Revising a text once considered “finished” is standard procedure. After all, we are revisionists. It must be part of our nature to revisit and, where needed, revise our own views continually, and thus adjust or even rewrite what we’ve written before. Hence, I do not bear a grudge against Carlo. He’s just doing his job.
Because texts get constantly revised and updated, Castle Hill repeatedly releases new editions of books we have published. John Ball’s Air-Photo Evidence, for example, is now in its 6th edition, and Kollerstrom’s Breaking the Spell in its 5th. And so it goes on. In the world of print-on-demand, new editions can be release on the fly, and with little additional cost. Back in the 20th Century, when offset printing of at least 1,000 copies was the only way of getting a proper book published, releasing new editions made sense only if you could sell at last a thousand copies of them. Considering revisionist books’ tiny niche market, this means that no second edition of most of them was ever released. In fact, many books that could have been published never even saw a first edition, because there was (and is) simply no market to sell a thousand copies of most of them within a reasonable span of time.
That restriction no longer exists.
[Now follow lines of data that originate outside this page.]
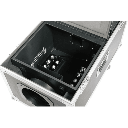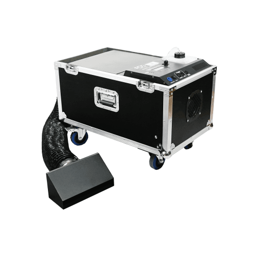 Professionele low fog machine, met flightcase. Het produceert laagliggende mist met de ultrasone vernevelingsmethode. Inclusief slang en uitlaatmondstuk. De hoofdtank wordt gevuld met ongeveer 10 liter water (het bovenste en onderste waterniveau zijn in de tank gemarkeerd). In de mistvloeistoftank voeg je het type (alleen op waterbasis) vloeistof toe dat je wenst*.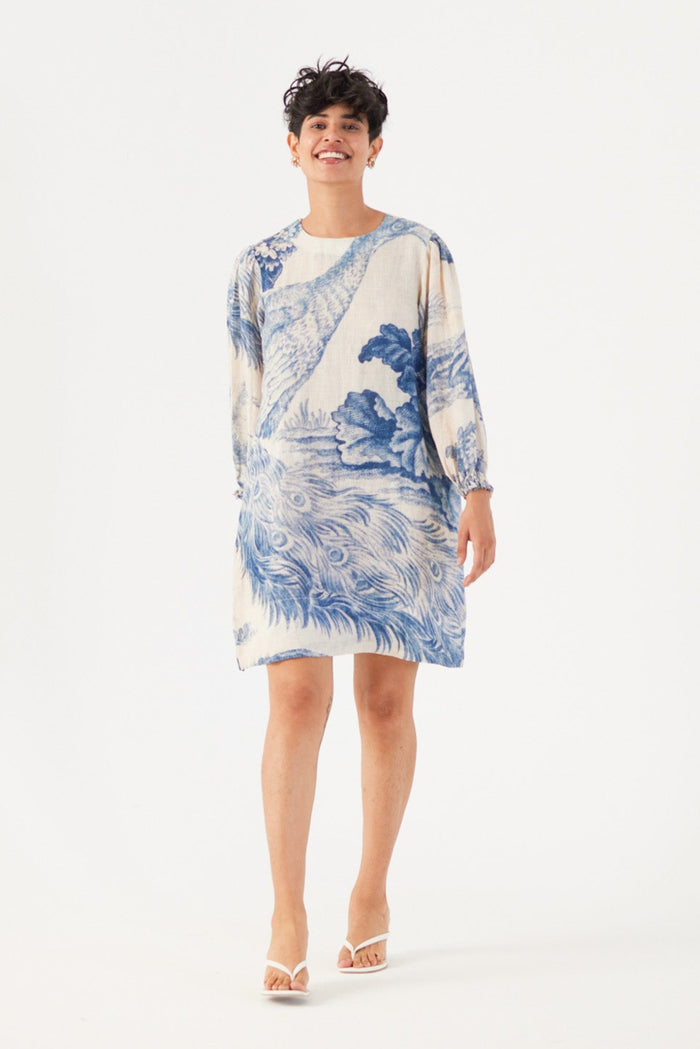 Then there’s the Peacock Short Dress—a short dress for women that carries regal sumptuousness. Crafted from high-quality, breathable 100% linen, it is adorned with the Peacock print in a Toile de Jouy-inspired print. The Peacock Short Dress walks the line between playful mini and artful statement.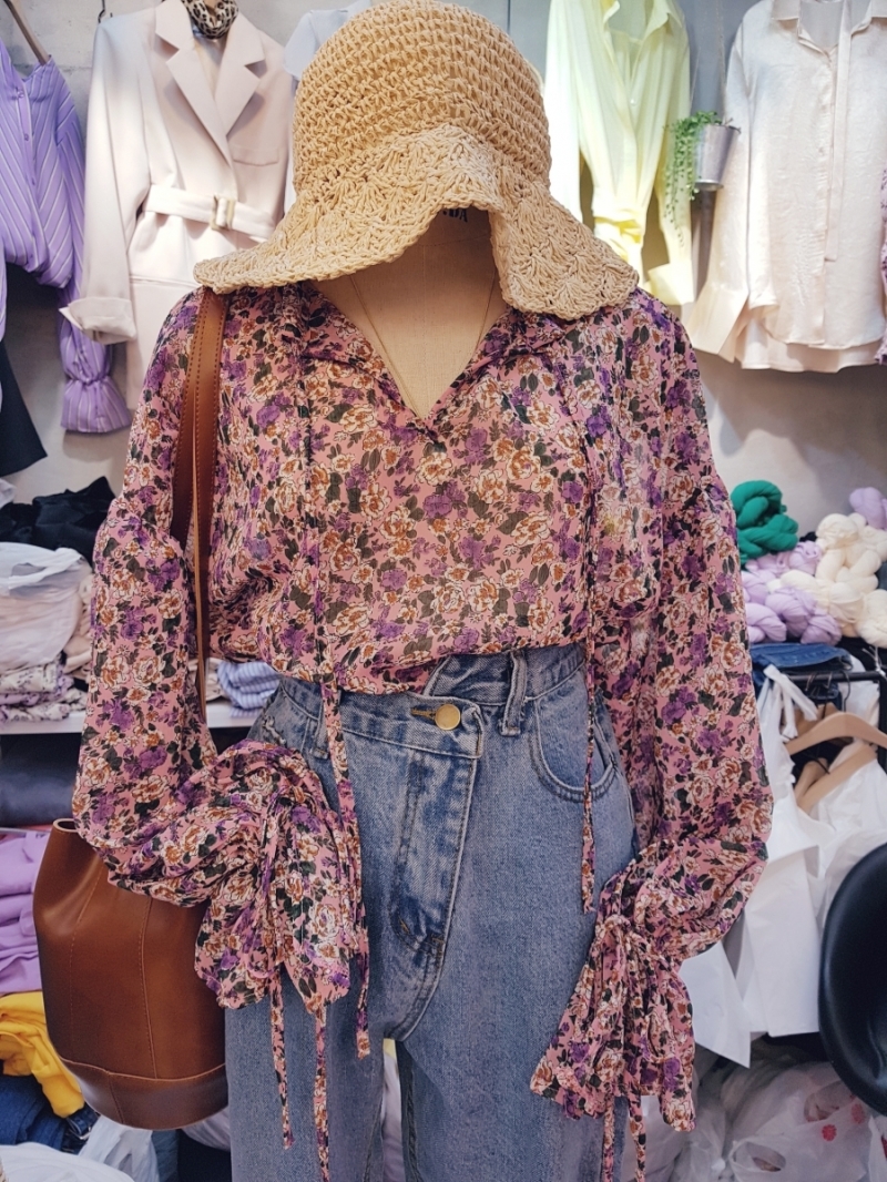 "TAM.N.DA"- V领长袖碎花衬衫 翻译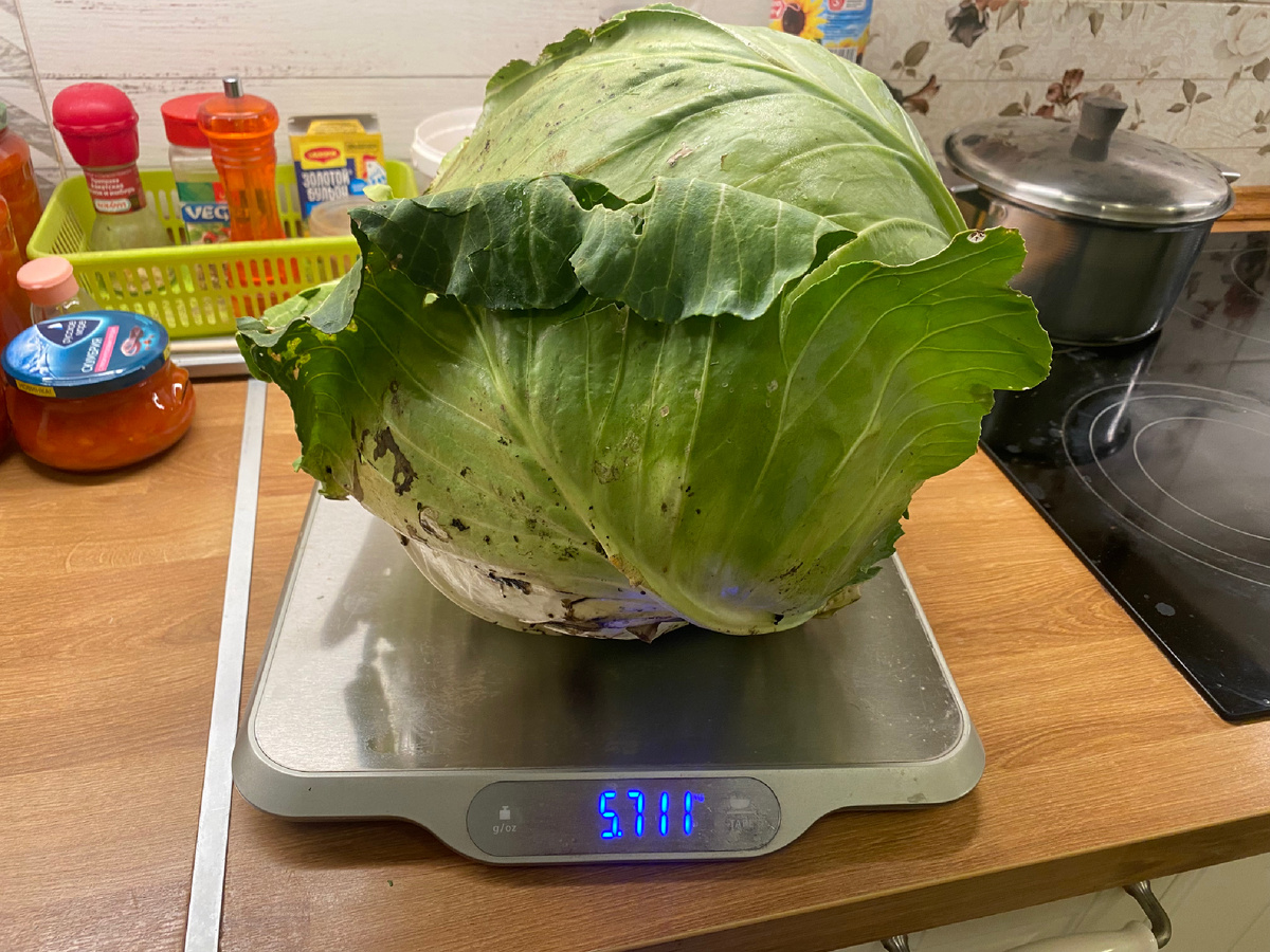 Капуста весом почти 6 кг привезена мной в город на голубцы. Завтра буду их крутить и стожить в морозилку на зиму, чтобы вот так вот захотелось голубцов - и ррррраз! - а они уж готовые в морозилке, только потушить и никакой возни)

We can issue a new edition every year, if there is a need, because every copy of a book gets printed and bound individually, as the need arises, just as it was done back in the 15 Century, only much faster and cheaper.
Having recent editions of most of our books is a marketing boon. If our customers can be sure that our books are not outdated, old wares, but up-to-date and kind of brand-spanking-new material, they are more inclined to buy them. But keeping a growing roster of books up to date is also an increasing challenge. Having to handle a few dozen books is one thing. However, our combined roster of English and German books has now exceeded 160 titles, and it keeps growing. We’ll see where this leads, but I will keep trying to include and release necessary revisions and updates wherever possible.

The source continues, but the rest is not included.